LTIMindtree fell 1.1%, Infosys declined 0.7%, HCL Technologies dropped 0.4% and TCS ended 0.3% lower.
“Given ACN’s (Accenture) full year guidance is a first peek into potential growth trajectory for FY25, we see its underwhelming guidance as an incremental negative for the sector,” said JM Financial’s analysts Abhishek Kumar and Anuj Kotewar in a note to clients. “We continue to believe that the unwinding of excess IT spend could keep incremental revenue growth muted through FY24. If ACN’s commentary is anything to go by, FY25 growth expectations could be at risk as well.”

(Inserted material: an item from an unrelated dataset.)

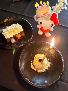 Last but definitely least was dessert! This birthday girl got to make a wish with some Halo Halo Tres Leches cake as well as Kopiko Creamy Blanca gelato. The Halo Halo Tres Leches was different take on traditional Halo Halo. Instead of ube jam; this Halo Halo had ube cake with jackfruit whip surrounded with all the different Halo Halo ingredients like sweetened kidney beans, Sago and Gulaman (gelatin). This was such a sweet ending to my birthday celebration here!
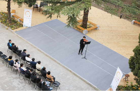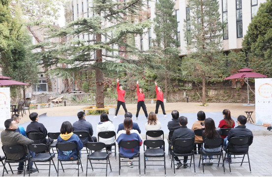11月1日中午,人文公管楼前人文苑洋溢着盎然秋意,球盟会的师生齐聚一堂,共同参加“丹枫迎秋,文苑拾芳”——人文雅集。经理蔡劲松、党委书记李亚梅、副书记张驰、工会主席胡庆江与公司的同学共同参加了此次活动,一起欣赏舞蹈、朗诵诗歌,伴随着音乐,享受诗意的大自然,在互动中享受美好的校园生活。

The likelihood of a slowdown in the US and Europe has led to investors and analysts turning cautious about the IT sector’s prospects. Most large software services exporters derive a large chunk of their revenues from developed economies. The dim outlook for IT spending has resulted in analysts cutting earnings estimates for these companies.
“The expectations are muted for FY24 for Tier 1 companies,” said Pankaj Pandey, head of research, ICICI Direct. “HCLTech and Tier 2 companies have been guiding for a double-digit growth which remains to be seen since the scope for macro revival is minimal.”
Brokerage Nomura said it has maintained its cautious stance on the sector after Accenture’s results.
“…discretionary demand is unlikely to recover meaningfully in 2HFY24F, and possibly FY25F for the India IT industry,” said Nomura’s analysts Abhishek Bhandari and Krish Beriwal in a client note.Analysts said that there were expectations of a recovery in the second half of FY24, but the Accenture results have pushed the hopes of recovery.
The Nifty IT index gained 13.2% in the past three months. JM Financial said “some reversal” in the index after the up-move is in order.